However, I hope I could get a definite answer from a teller when presenting a check for deposit. I know checks take time to clear, the amount varying, and that until it has cleared (at least) the money isn't safe.

Paypal used to be the solution to paying debts to friends without using checks (or cash; I'm not much in to carrying and using cash), but now I pay a percentage on each transaction, so a check is a much better alternative.

#56 ::: Joel Polowin ::: (view all by) ::: December 16, 2009, 04:06 PM:

Ooh, another one just came in, based on my resume appearing on a different site. "Medium Group Inc." is looking for agents, salary + commission, for "escrow services for buyers and sellers". Based on a quick google search, they appear to be doing money laundering.

#57 ::: caffeine ::: (view all by) ::: December 16, 2009, 04:39 PM:

One of the more noxious types of emails you get these days when you post your resume on job-hunting sites consists of lists of "job opportunities" put together by oh-so-helpful "recruiters." Each one has a link with a very long redirect URL, so I haven't clicked on one to see where it goes. Those get marked as spam.

Don't get me started on some of the incredibly badly written emails I've seen from real recruiters. At least they don't try to send you to malware/spam sites.

#58 ::: Caroline ::: (view all by) ::: December 16, 2009, 05:04 PM:

KeithS @ 7, my favorite was the sign for some work-at-home deal that offered lots of money and then said "Don't believe? Don't call."

"No problem," I said.

David Dyer-Bennett @ 55: People have been arrested for attempting to deposit checks that turned out to be fraudulent (see sfgate.com article, and Consumerist article). In the first case, the victim of the scam showed the check to the teller and asked if it was legit. He was told yes. When he endorsed and deposited it, it tripped a fraud alert and he was arrested and jailed. In the second case, the scam victim just attempted to cash the check, and was arrested and jailed. In the first case, charges were eventually dropped; in the second case, I can't find information about what eventually happened with the charges.

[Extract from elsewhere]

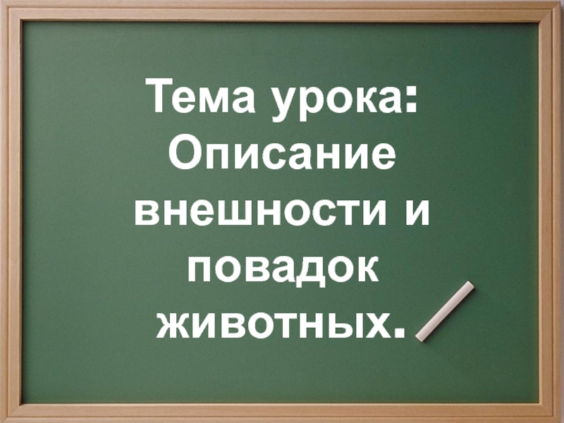 Слайд 5Тема урока: Описание внешности и повадок животных.

IANAL, but it looks like at least in the U.S., you could get in legal trouble for attempting to deposit a fake check even if you didn't know it was fake. Asking a bank teller if the check is legit doesn't accomplish much. You're still responsible if it turns out to be fake.

#59 ::: Jason ::: (view all by) ::: December 16, 2009, 06:58 PM:

So, what's the stop a less scrupulous individual from, say, pulling the following scam of their own:

1) Accepting the $3k check from the original scammer.

2) Cashing it at a payday loan check-cashing place (something of a scam in itself, no?.

3) Walking away with cash and letting them deal with the problem when they try to cash the check.

Or am I grossly misunderstanding the way some of this works?

#60 ::: Zeborah ::: (view all by) ::: December 16, 2009, 07:23 PM:

@55 The money isn't even safe when the cheque's supposedly "cleared". IIRC there's some regulation or law that banks have to clear cheques (ie make the money available to you) within 5 working days or some such; but if the cheque has come from somewhere obscure or overseas then it can take longer for the bank to discover it's invalid. And then you're liable for repaying the money to the bank.

#61 ::: Jim Macdonald ::: (view all by) ::: December 16, 2009, 08:10 PM:

#59 Jason

First, it's seriously illegal.

Second, you'd have to create a bunch of high-quality fake ID for yourself, and get a post box in that name for them to send the check to, also illegal.

Third, the P*yd*y L**n people have probably already though of, have safeguards against, and have guys named Luigi to break the kneecaps of, people passing them bad checks.

Fourth, if you wanted to do that, wouldn't it be simpler to just print off a phony check on your laser printer and cut out an entire step of the process?

#62 ::: Tom Whitmore ::: (view all by) ::: December 16, 2009, 09:08 PM:

Pendrift @36 -- not all scams work on the basis of trying to make easy money. There's a whole class that are based on preying on kindly people ("Help I'm stranded in a foreign country and I need you to send me $1250 so I can get my stuff out of hock" from a forged e-address of a friend, for esample). Claiming that all scams are about greed is a subtle form of blaming the victim -- many, indeed, are about greed, but not all. (And as Zeborah @54 points out, the overpayment scams aren't greed-based at all,)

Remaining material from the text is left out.